Леди Кэтрин решила оставаться в гавортском пасторате до тех пор, пока не получит предупреждение свыше и не поймет, как ей следует поступить в дальнейшем. Она с большим трудом добилась соответствующего соизволения от нового хозяина — преподобного Артура Николлса. Этот строгий и в высшей степени принципиальный господин дал свое согласие на временное пребывание в его доме знатной гостьи скрепя сердце — лишь потому, что за нее ходатайствовала Марта, которая уже давно — благодаря своей горячей безропотной преданности своим прежним хозяевам — заслужила его доверие.

Миледи и ее дочь поселились в бывшей «Children’s study», я же по-прежнему оставалась в комнате достопочтенного Патрика Бронте, где я обосновалась год назад. Эта комната внушала мне особый благоговейный трепет — здесь оживали все самые светлые образы моего прошлого. Это место стало неотъемлемой частью моего нынешнего существования, священным храмом моих воспоминаний.

С тех пор, как мое физическое и духовное состояние пошли на поправку, я не могла уже позволить себе злоупотреблять милостивой добротой обитателей этого жилища и, прежде всего, его законного владельца. Поэтому все это время я жила тем, что преподавала английскую словесность детям из местных семейств среднего достатка. Я регулярно посещала частные дома, где исполняла эти нехитрые обязанности.

Почти все заработанные деньги я отдавала хозяину пастората без всякого принуждения — исключительно в качестве благодарности за любезно оказанное мне гостеприимство. Подобные действия могут быть расценены как нечто, вроде негласной арендной платы. Как бы то ни было, я полагаю, что это было справедливым и вполне отвечало законам гуманности и правилам приличия.

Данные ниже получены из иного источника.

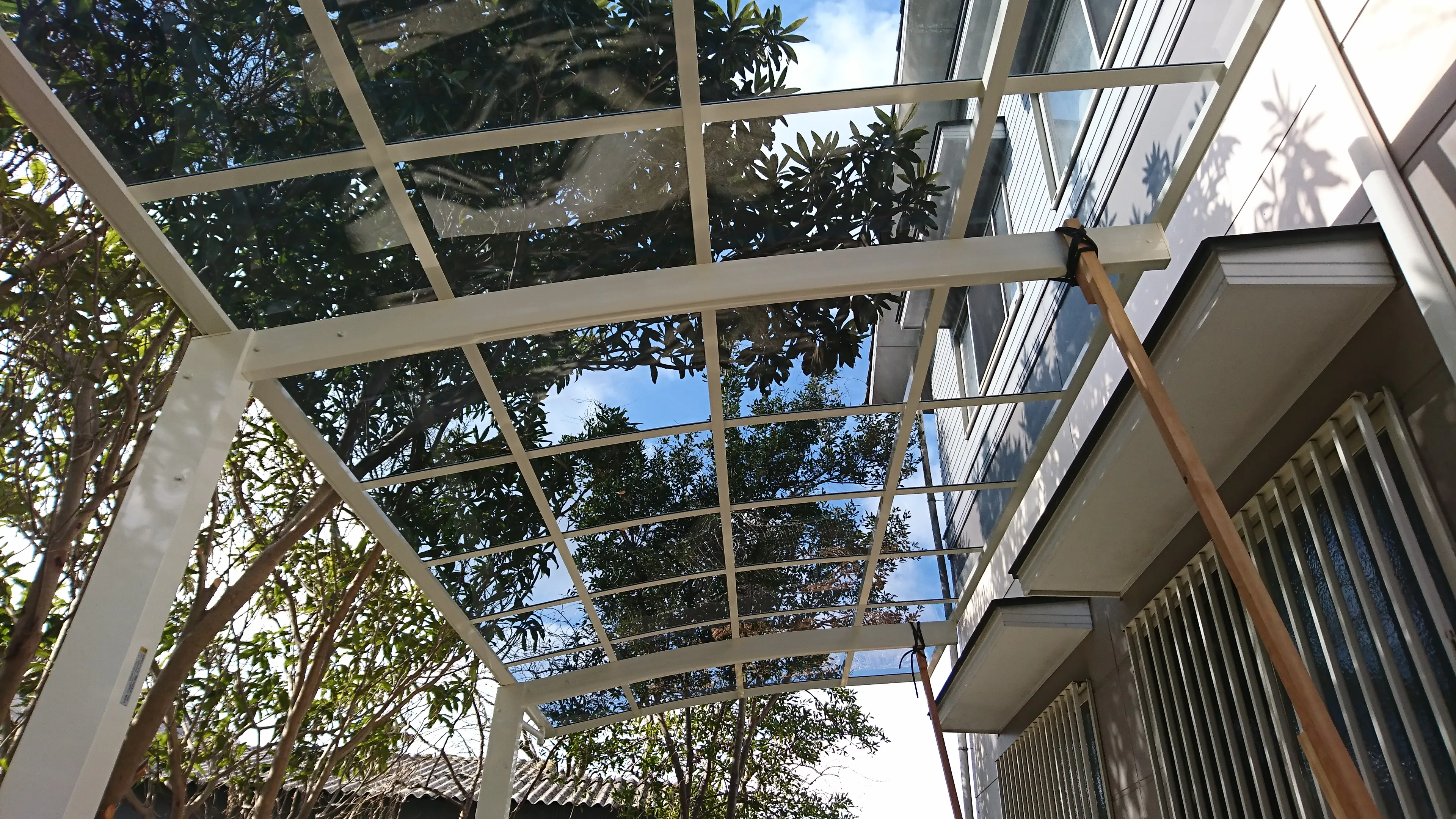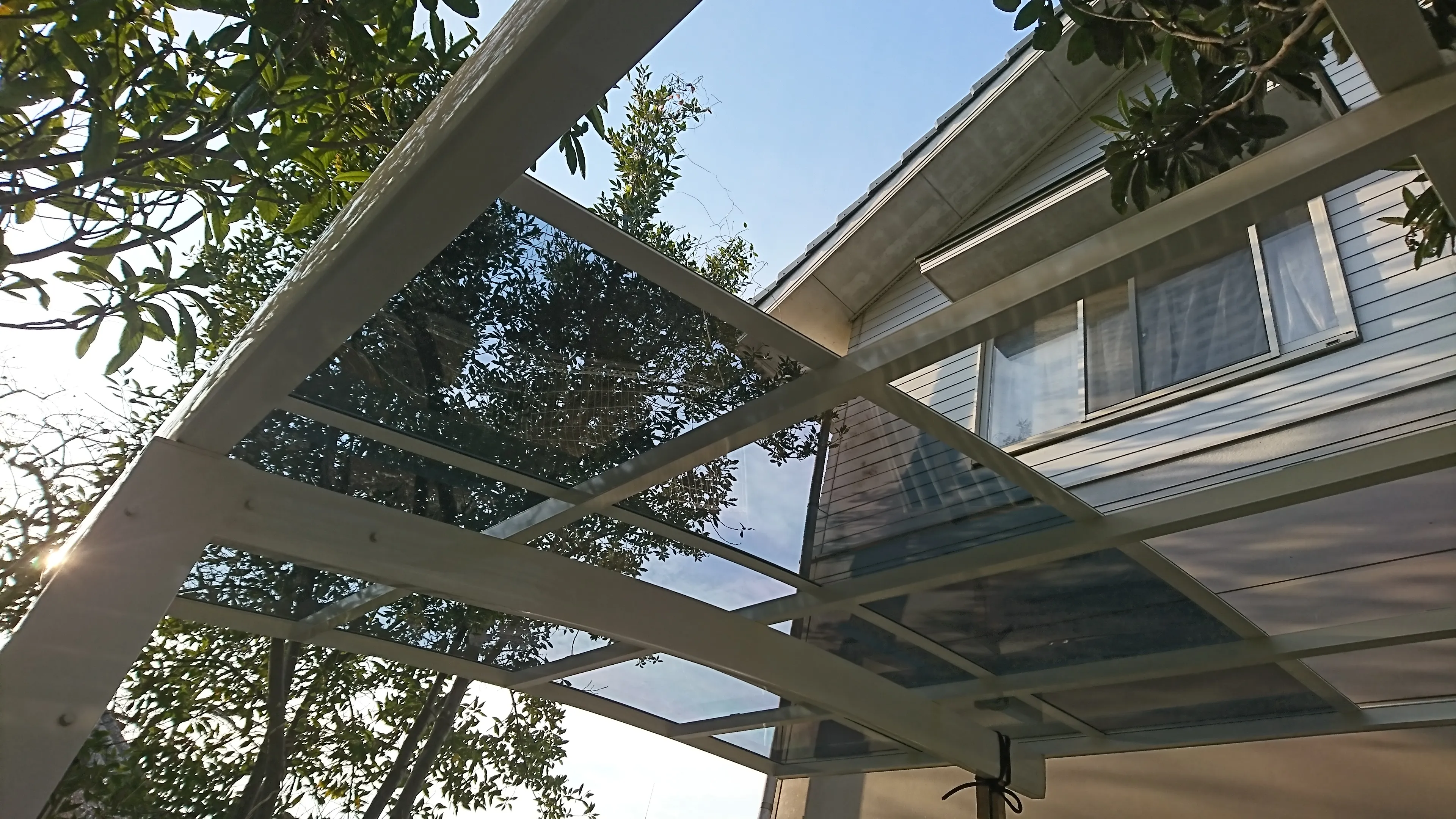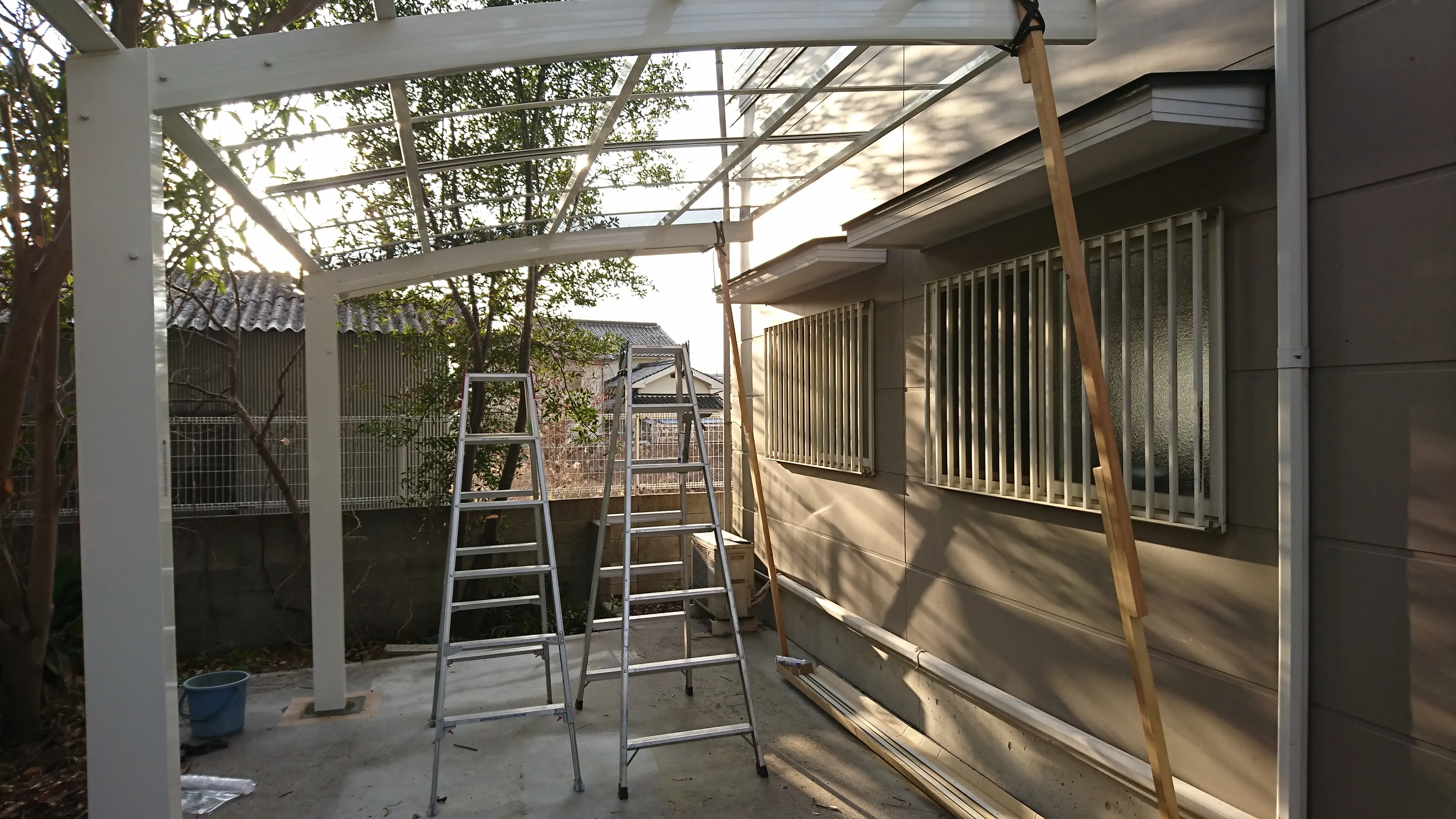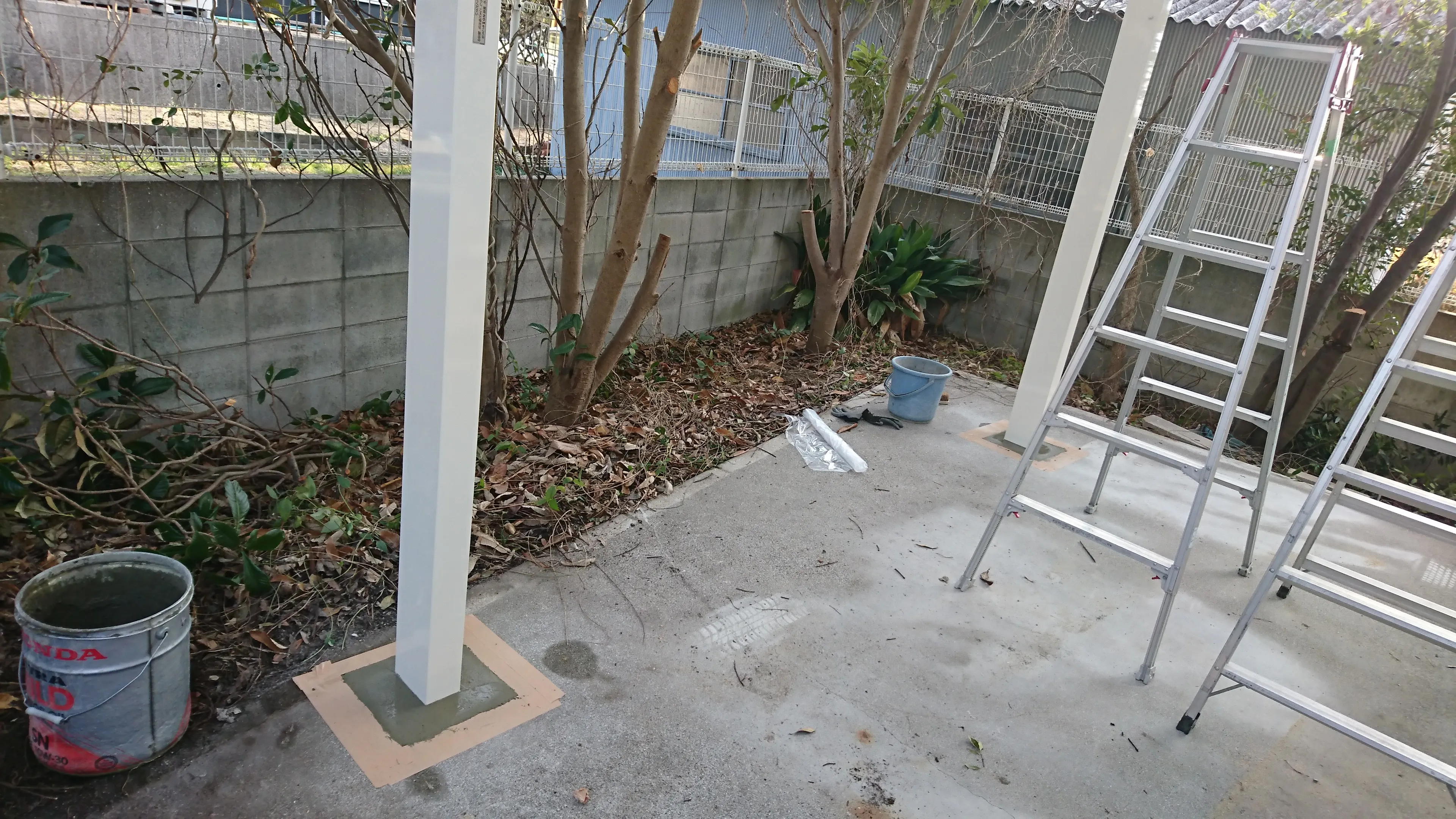 カーポート支柱のコンクリート硬化後支えの木柱を撤去し施工完了です。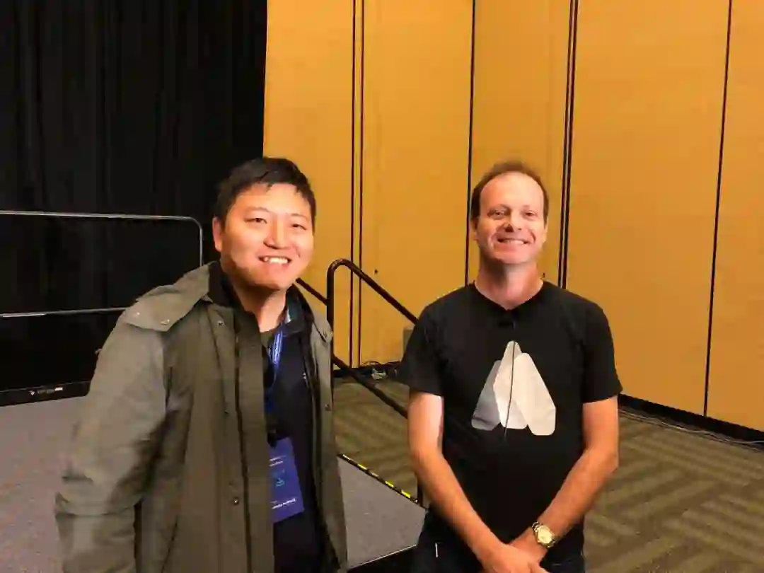 WebX 无论是在开发还是部署上,都属于相当笨重的一套框架,而几乎是同年起步的 Spring 则轻巧灵活了许多。2017 年,我去湾区参加 Spring 大会,还有幸与 Spring 之父 Rod Johnson 要了合影,只是那会他已经淡出了 Spring 社区。(Spring 的编年史见附录 1)

Что касается миледи, то у нее было довольно средств, чтобы одарить своего благодетеля по-королевски. Но неприязнь, возникшая между ними с первого же дня их знакомства (которое состоялось еще несколько лет назад), заставила его гордо отказаться от возможности принять ее щедроты.

Наши отношения с леди Кэтрин складывались достаточно ровно. Моя изначальная симпатия к ней крепла день ото дня. Похоже, что и она постепенно прониклась ко мне теплыми дружескими чувствами. Лучшим свидетельством доверия ко мне со стороны миледи явился ее неожиданный рассказ о непостижимом вероломном коварстве, жертвой которого стала ее прелестная дочь.

Сама леди Кэтрин ежегодно на несколько месяцев уезжала в Ирландию, где гостила у своих знакомых — господ О’Келли, либо снимала жилье. Эти регулярные временные отлучки из Англии помогали ей отвлечься от гнетущих мыслей и набраться сил, чтобы продолжать жить дальше. Дочь свою миледи, не задумываясь, оставляла на попечение своего светлейшего супруга — отца юной Кэти. Леди Кэтрин нисколько не сомневалась в том, что герцог Хитернлин сумеет должным образом позаботиться о своем возлюбленном чаде.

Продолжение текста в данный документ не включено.